Dayton Daily News & Radio's 'Joe's Journal'

'Oh come, come, come, come -- Come to the church in the wildwood. Oh come to the church in the vale ...'

There's no place so dear to this Spark Plug man, as the little white church by the side of the road where Woody Turner preaches 'salvation' for the lost souls of old, rusty gas engines.

The coal oil lights flickered late into the night at the little old Antioch Methodist country church. But there was no choir beckoning us to its door with the rendition of that old-time hymn, 'The Church In The Wildwood' as there once was calling sinners from across fields and meadows back to the fold. No bell was ringing in the belfry overhead.
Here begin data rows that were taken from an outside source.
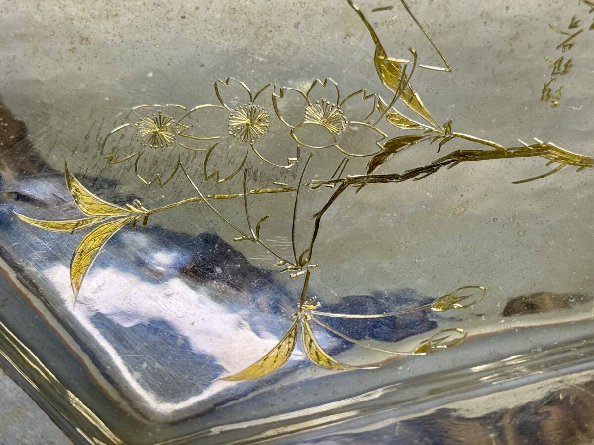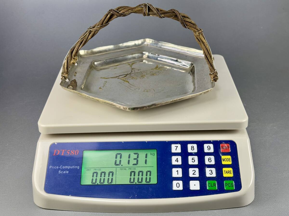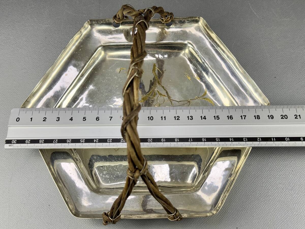 【偲】竹影堂栄真 造 純銀 鎚目 三つ桜 桜花図 手つき 菓子鉢 刻印有 煎茶盆 菓子盆 銀製 シルバー j-29
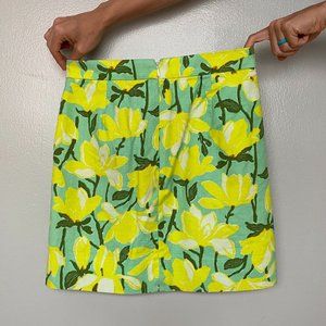 J.Crew Factory bright floral basketweave textured mini pencil skirt. Spearmint green with vibrant yellow flower detail. Has pockets and a zip back.
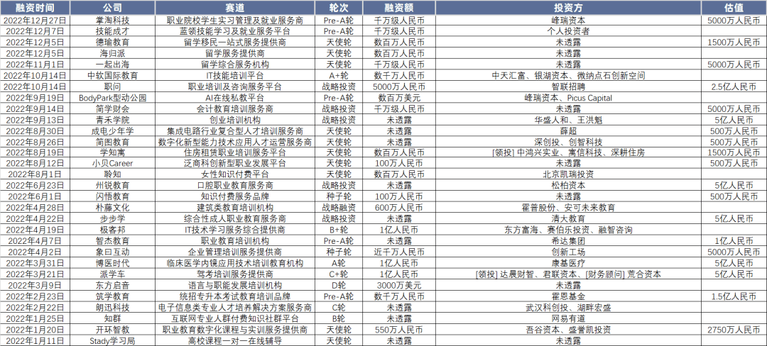在成人教育賽道,全年共有30家機(jī)構(gòu)獲得融資,其中出現(xiàn)了大額融資。眾多公司中,技能培訓(xùn)類是融資的熱門領(lǐng)域。如掌淘科技、技能成才、中軟國(guó)際、城店少年學(xué)、博弈時(shí)代、派學(xué)車等機(jī)構(gòu),都是與技能培訓(xùn)教學(xué)有關(guān)的初創(chuàng)公司。由于賽道涵蓋范圍廣,相關(guān)融資機(jī)構(gòu)涉及的領(lǐng)域非常廣泛,賽道潛力較大。
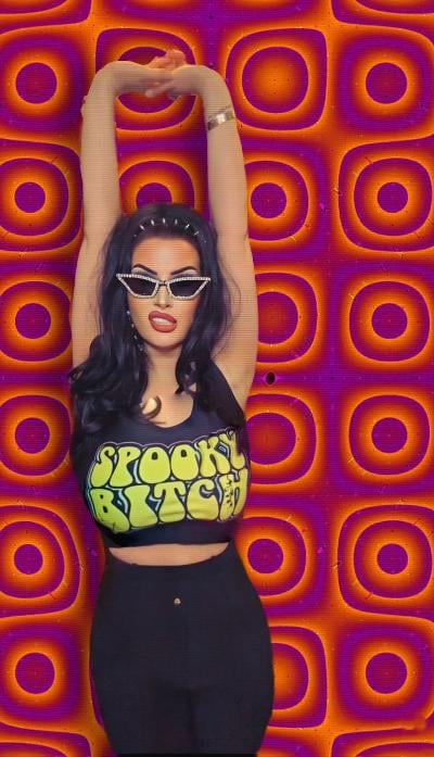 Spooky Bitch body-hugging crop top.

As we entered the silent portals and stalked quietly and rather hesitantly through the tiny vestibule, as if afraid we might disturb the evening worship, we almost wished there were a choir to stare at us and heads twisting on necks throughout the congregation as if asking, 'Who are those strangers in our midst?'

But, alas, the little country church has gone the way of other Americana so dear to our hearts -- a victim of the modern age. The human element of choir and congregation singing forth about the old-time religion was strangely silent. Instead there sat a solitary figure, feet propped up on some old wood crates and lolling back in an old swivel chair, blocking the aisle where once the deacons passed the collection plates. He seemed tired from his day's labors. Like a country preacher, looking over his evening's sermon, he was thumbing thoughtfully through some tattered pages -- not pages of Holy Writ, perhaps, but papers and programs pertaining to the forthcoming big Tri-State Gas Engine and Tractor Reunion soon to be held up Portland, Indiana-way.